Автор книги: Итоги Журнал
Жанр:
Публицистика
сообщить о нарушении
Текущая страница: 7 (всего у книги 12 страниц)
Оптический обман / Автомобили / Новости
Недавний рестайлинг BMW X6 – тот редкий случай, когда девиз «От добра добра не ищут» сущая правда, а не вялая попытка прикрыть банальную экономию. Увидевший свет в 2008 году «спортивно-активный» кроссовер оказался таким красавчиком, что многие до сих пор слюнки пускают. Рушить энергичный, цельный и сбалансированный образ было бы преступлением – вот немцы и решили обойтись фейслифтингом. К тому же минимальным: если не приглядываться, подмены можно не заметить. В самом деле, что за сенсация – новые противотуманки в матовой серебристой окантовке, светодиоды в фарах и задних фонарях да чуть подправленная облицовка? Естественно, в компании соблюли политес и подновили к 2013 модельному году палитру кузовных эмалей, колес и вариантов внутренней отделки, но по большому счету все свелось к замене оптики.

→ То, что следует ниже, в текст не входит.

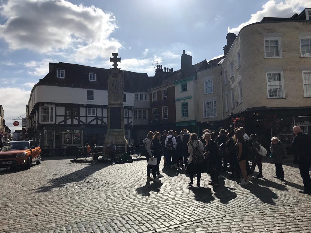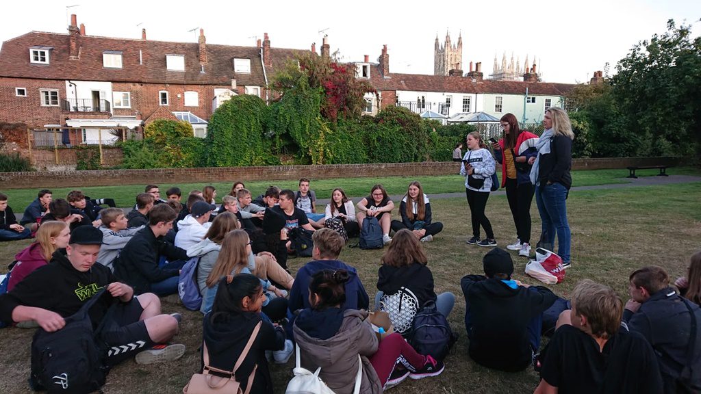 Der letzte Tag in England brach an. Nach dem Aufstehen wurden die restlichen Sachen in den Koffer gepackt, denn am spätenAbend würde schon die Fähre von Dover nach Calais los fahren. Nach dem Frühstück, welches bei manchen aufgrund mangelnder Zeit ausfiel, mussten wir uns leider schon von den Gastfamilien verabschieden, was bei ein paar Schülern sogar mit Tränen in den Augen endete. Zwar war die Zeit in Eastbourne wirklich toll, aber wir freuten wir uns doch schon alle auf Zuhause. Als dann alle von den Gastfamilien persönlich oder von einem Taxi zum Treffpunkt gefahren wurden, ging die Fahrt nach Canterbury, dem letzten Ziel unserer Reise los. Die zweistündige Fahrt nach Canterbury wurde genutzt um ein wenig Schlaf der letzten Tage nachzuholen oder einfach noch ein wenig zu quatschen. Dort angekommen, ging es als erstes zur Christ Church, der dort gelegenen Kathedrale, wo wir mit einer Foto Rally durch Canterbury starteten. In Gruppen aufgeteilt ging die Suche nach bestimmten Orten in Canterbury los. Die Aufgabe: Lustige Fotos mit den Freunden vor den zu findenden Gebäuden oder Denkmälern schießen und einfach Spaß haben. Ziel dieser Rallye war z.B. die King’s School, eine der bekanntesten Privatschulen Englands, wo alle Schüler Schuluniformen mit einem Schullogo tragen.Die letzte Station und Ziel der Foto Rally war McDonalds, wo wir uns eine Stärkung gönnen konnten bevor es ins nahegelegene Kino Odeon ging. Der ausgesuchte Film, Downton Abbey, teilte die Gruppe in zwei Lager. Manche fanden das Drama unglaublich spannend und interessant, andere haben die zwei Stunden, welche der Film andauerte, zum Schlafen genutzt. Die nächste Stunde hatten wir Zeit, uns Proviant für die anstehende Fahrt zu besorgen und nochmals etwas Kraft zu tanken. Nachdem wir uns alle wieder zusammengefunden hatten, gingen wir Richtung Parkpaktz, wo unser Bus stand, in dem unser Busfahrer seine wohlverdiente Pause machte. Unterwegs machten wir kurz in einem Park halt, um die Pop-Up-Questions des heutigen Tages zu beantworten. Als alle Fragen erfolgreich beantwortet worden waren, ging es weiter zum Parkplatz, wo der Bus schon auf uns wartete. Der Weg von Canterbury nach Dover, zur Fähre, war nicht so lang. Deswegen ging die Fahrt mit Quatschen schnell vorbei. Nach einer kurzen Kontrolle ging es dann schon weiter auf die Fähre. Die zwei stündige Fahrt verbrachten wir in kleinen Gruppen an Deck oder im Inneren des Schiffes. Um ca. 00.00 Uhr kam die Fähre in Calais an und die Fahrt nach Hause konnte fortgesetzt werden. Allmählich wurde es stiller im Bus, die Lichter gingen aus und wir versuchten, nach den letzten anstrengenden Tagen ein bisschen zur Ruhe zu kommen. (Vanessa Kuhlmann / Talisa Pentzek)

Перечень моторов для стандартного X6 не изменился: BMW по-прежнему ставит под капот «внедорожного купе» два бензиновых (306 и 407 л. с.) и два дизельных (245 и 306 л. с.) агрегата, а в качестве передаточного звена выступает восьмидиапазонный автомат. Единственное новшество заключается в том, что начиная с весны младший дизель получит систему очистки выхлопных газов AdBlue: такой аппарат будет соответствовать экостандартам Евро-6, которые вступят в силу только через два года.

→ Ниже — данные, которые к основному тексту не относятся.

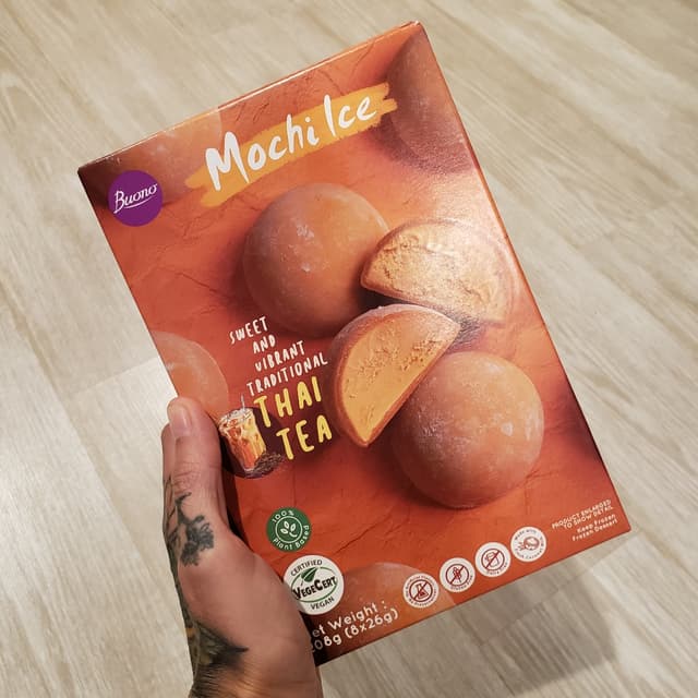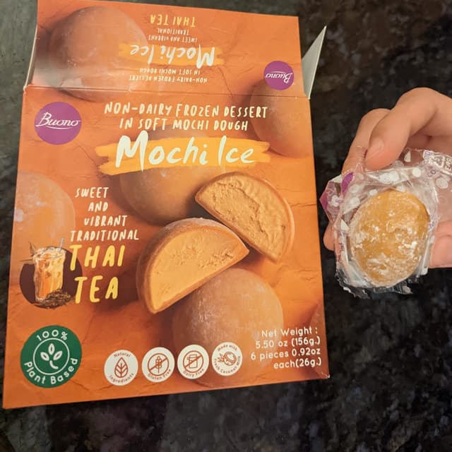 This isn’t really my flavour, bought it out of curiosity really. #mochi #thai #tea 🍵flavour. I’m not really into tea anyways, tastes exactly like it too. But I love Buono, great quality mochi, also #soyfree 😃 #coconut based 🥥 Kept in the freezer. Idk why but I can’t stand mochi, unless it’s frozen 😅 I wish there was a database of emojis of all foods 🥲 📍Bought in Welcome Asia, Boortmeerbeek

А вот любителям позажигать есть от чего потерять сон. В новую заряженную линейку BMW M Performance, что скоро представят в Женеве, помимо «пятерки» и внедорожника X5 войдет «особо злая» дизельная модификация X6 M50d (не путать с X6 M от подразделения BMW M GmbH: та «эмка» тоже пережила омоложение, но по-прежнему оснащается 4,4-литровым бензиновым V8 в 555 л. с., шестиступенчатой коробкой и особым образом настроенной подвеской). Как часто бывает у BMW, цифры в названии модели напрямую не коррелируют с объемом двигателя: речь идет всего лишь о трех литрах. Но каких! Тройной турбонаддув обеспечил «баварцу» 381 лошадиную силу в запасе и просто безумный крутящий момент – 740 ньютон-метров. Забег до первой сотни отнимает у X6 M50d достойные 5,3 секунды, а средний расход по евроциклу равен 7,7 литра.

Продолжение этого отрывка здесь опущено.